First and for most using inline styles is extremely bad practice as it makes it much harder to update in the long run, the above code you said was your CSS but all i see is a random snippet of HTML which doesn’t help us to help you as there is nothing in the inline styles that suggests your page is been centered.

Could you please review this and post all of your CSS and HTML that you can that way we will be help to help get your markup and CSS more semantically valid.

Hi,

If you add a background-color to #wrapper you will see that the main part of the site is perfectly centred.

Your inner elements however don’t stretch the full 100px width and therefore look off centred a little.

If you were perhaps to give the wrapper a suitable subtle background color it would then look centred. Or alternatively resize the wrapper smaller to fit the contents.

e.g.


#wrapper {
   width: 920px !important;
}
#primary, #secondary {
    width: 200px;
}

I’ve only tested that on the home page so if you have larger elements on other pages you will need to take that into consideration.

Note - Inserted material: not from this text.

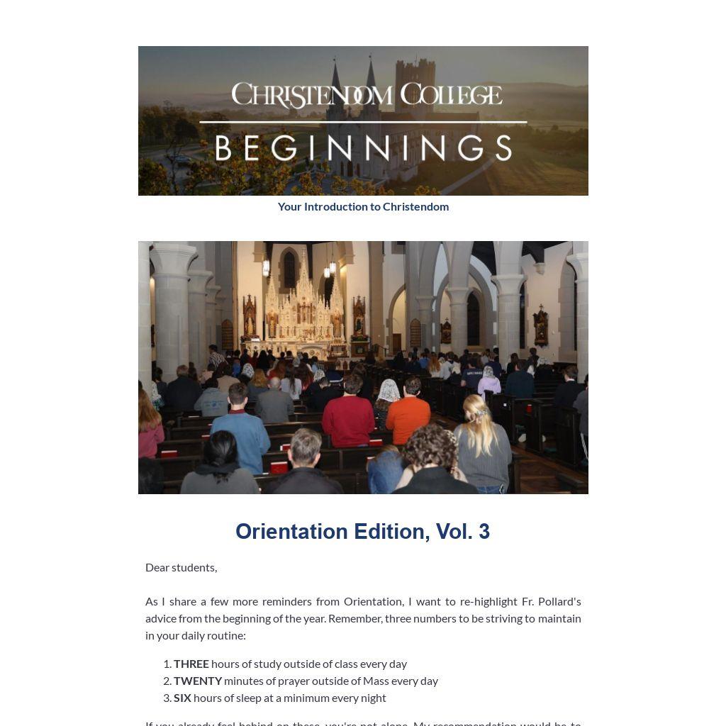 As I share a few more reminders from Orientation, I want to re-highlight Fr. Pollard's advice from the beginning of the year. Remember, three numbers to be striving to maintain in your daily routine:

The link is in the signature as mentioned :slight_smile:

The site is in my signature.

[ot]

Has been a long day of IE6 debugging, guess my head needs a little rest :)[/ot]

Here’s a quick way to get the result you want: In your css file, just add 20 px worth of padding and it’ll bump your main content text over 20 px (new code in red)…

.entry-content, .entry-summary {
font-size: 13px;
line-height: 1.6em;
padding-left: 20px;
}

Thank you for this solution. It’s the most doable straightforward solution in the post, but unfortunately it creates a problem of compressing the text on my front page, which doesn’t look good. I’m going to let it go for now, as it seems too complicated for my skill level.

Thanks everyone for your help. Unfortunately I haven’t been able to any of the strategies people offered to work, as my skill level with css is minimal, not enough to do anything more than add a line or two of code. I’ll have to abandon the plan for now and have a designer look at it later on.

Did you try my code? It couldn’t be any simpler. What problems are you having with it?

The only issue I can see is on the purchase the program page where you have made the page wider than the others (not a good approach at the best of times). However you could change the code just for that page.


#wrapper {
   width: 920px !important;
}
#primary, #secondary {
    width: 200px;
}
.page-id-2310 #wrapper {
   width: 1000px !important;
}

All you have to do is add that code at the end of the css file. No need ot chnage anything else.